- TASK TO CARRY OUT
Copy everything in the data below exactly except the pictures.

*** Opening SOURCE MATERIAL ***

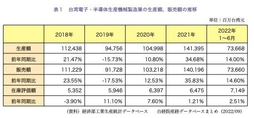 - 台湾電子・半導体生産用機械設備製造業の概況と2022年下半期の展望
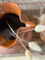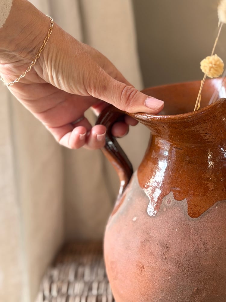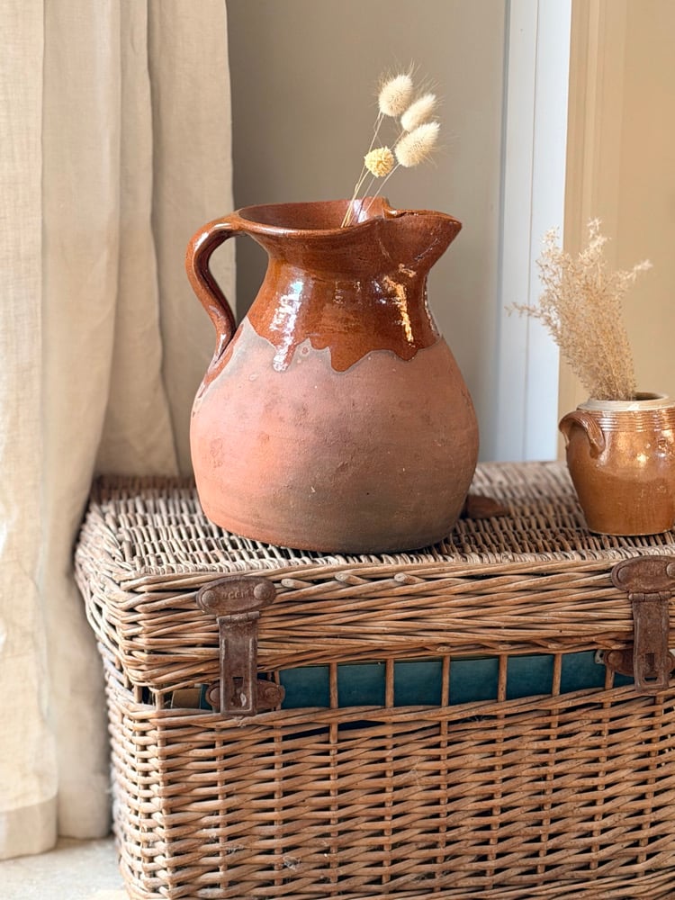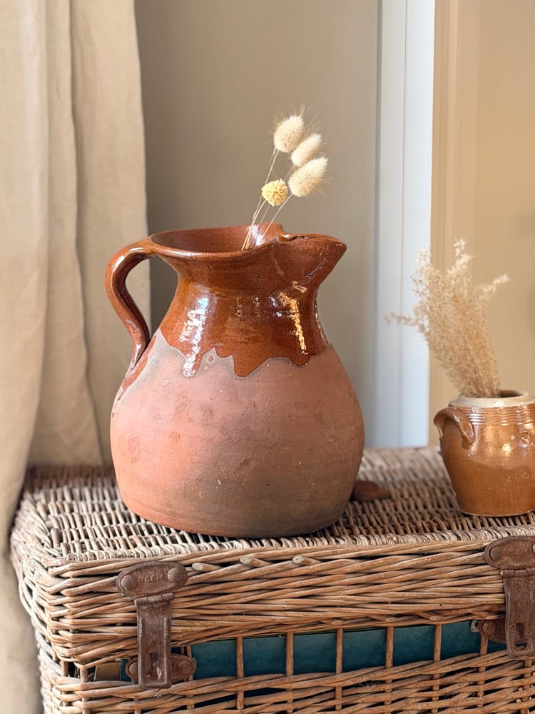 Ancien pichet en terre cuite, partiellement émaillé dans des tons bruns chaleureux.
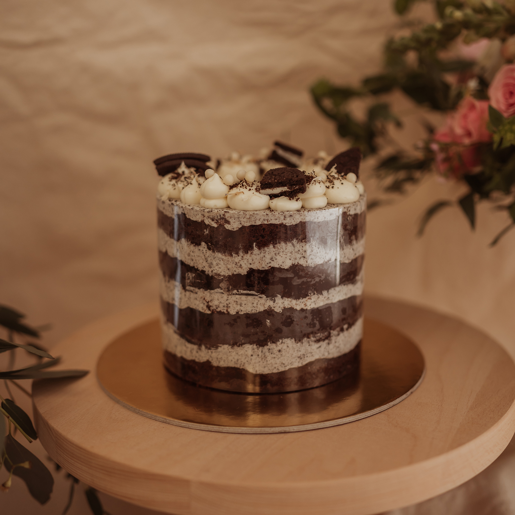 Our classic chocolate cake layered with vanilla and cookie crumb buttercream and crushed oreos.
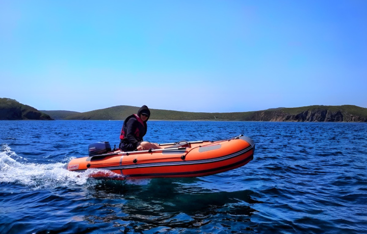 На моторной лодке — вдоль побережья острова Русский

*** Closing SOURCE MATERIAL ***

- OUTPUT OF THE EXERCISE
 - 台湾電子・半導体生産用機械設備製造業の概況と2022年下半期の展望
 Ancien pichet en terre cuite, partiellement émaillé dans des tons bruns chaleureux.
 Our classic chocolate cake layered with vanilla and cookie crumb buttercream and crushed oreos.
 На моторной лодке — вдоль побережья острова Русский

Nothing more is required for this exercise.